Godfrey Harris of the Ivory Education Institute has written an op-ed on the proposal made by several African countries to close all domestic ivory markets (CoP18 Doc. 69.5

IMPLEMENTING ASPECTS OF RESOLUTION CONF. 10.10 (REV. COP17) ON THE CLOSURE OF DOMESTIC IVORY MARKETS).

I quote:

ON THE BURDEN OF PROOF

It is often said that the best offense is a good defense. That is as true for politics as it is for sports. One of the best ways to erect a strong defense in matters political is to do any one of several things: change the subject, deflect attention, redefine the terms of reference or shift the burden of proof.

The last of these has happened with a proposed ban on all ivory trade, both international and domestic. The proposal has been formally presented to the 180 nations that will gather at the CITES 18th Conference of the Parties in Colombo, Sri Lanka. The nations of Bukina Faso, Cote d’Ivoire, Ethiopia, Gabon, Kenya, Liberia, Niger, Nigeria, and Syria claim that allowing some countries to trade ivory within their own borders opens the door for laundering illegally obtained ivory and encourages the poaching of elephants.

Opponents of such bans usually point to the total failure of prohibition in the United States in the 1920s. Because it was assumed that demand for alcohol would magically fade in the absence of availability, it actually provoked a significant increase in consumption, a major rise in organized crime, a jump in official corruption, and a burgeoning black market. The proponents of a ban on ivory trade ignore these incontrovertible facts. They believe that a ban on all domestic and international trade in elephant tusks will automatically put an end to poaching. It won’t. In fact, it will likely increase poaching because prices will be higher, profits will be greater, and interest in a forbidden fruit will be increased

The proponents of the ban insist poaching will naturally wither when all sales become illegal. The problem is that there is absolutely no evidence of the validity for such an assumption. To the contrary, despite bans and trade restrictions over the past 40 years, the total number of elephants in Africa has been steadily diminishing. The point is that the natural deaths of elephants, deaths from human/animal conflicts, and elephants taken for their food value are all other reasons for the overall shrinking numbers of elephants.

So knowing these facts, the animal rights organizations that worked behind the scenes to help the nine countries research and phrase their resolution, assert without proof or detail, that

…all domestic Ivory markets, legal or illegal, contribute to poaching.

Paragraph 29 of their resolution CoP18 Doc. 69-5, goes on to add a clause that turns hundreds of years of Western jurisprudence on its head. The nine countries demand:

The burden should be placed on those parties that claim the contrary to demonstrate it.

In other words, because the proponents of this invasion of the sovereign rights of the nations of CITES cannot prove that legal and illegal domestic ivory markets contribute directly to the poaching of African elephants, they have decided to put the burden on their opponents to prove that it doesn’t. Given this logic:

• Prosecutors in common law countries do not have to prove, beyond a reasonable doubt, that an accused committed a crime; rather, the accused has to prove that he or she did not.

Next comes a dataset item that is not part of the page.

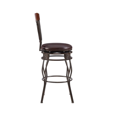 The elegance and unique style of this 30″ O&X Back Bar Stool will carry throughout your kitchen, dining, or home pub area. Crafted of metal and highlighted with subtle curves and a distinctive O & X back, this stool is a positively striking addition to your home. The cushion is piled high for extra comfort, and the chocolate wipe clean vinyl seat is pliable and resistant to everyday wear and tear, making this stool versatile for any gathering area. 275-pound weight limit.

• Under this evidentiary standard, the accused has to prove the negative — I didn’t steal the apple from the stand, I didn’t pick the fellow’s pocket. As a result, law enforcement could accuse virtually anyone of anything — all cases magically closed within days — leaving it to the individual to subsequently amass the proof that he did not commit the crime of which he stands to be punished.

• Are the nations of the world, gathered in Sri Lanka to deal with trade in endangered species of flora and fauna, really prepared to declare to the world that they are legal scholars in mufti and of such impeccable wisdom that they are ready to reverse hundreds of years of jurisprudence?

• Are the legally trained delegates to CoP18 ready to state that the Latin maxim semper necessitas probandi incumbit ei qui agit —the necessity of proof always lies with the person who lays charges — is so hopelessly old fashion that it must be abandoned to help Western animal rights groups win at all costs?

Please. The sheer arrogance of the resolution is breathtaking. Rather than justifying why bans work with hard evidence, proponents of this resolution are demanding that those who oppose it prove it won’t work. Forty years of failure is not good enough for them. It is an embarrassment that good countries have been put up to this. The incentive to do so must be staggering.

Any country that values orderly process, careful consideration of the facts, and the value of the rule of law must move to defeat this outrageous Resolution.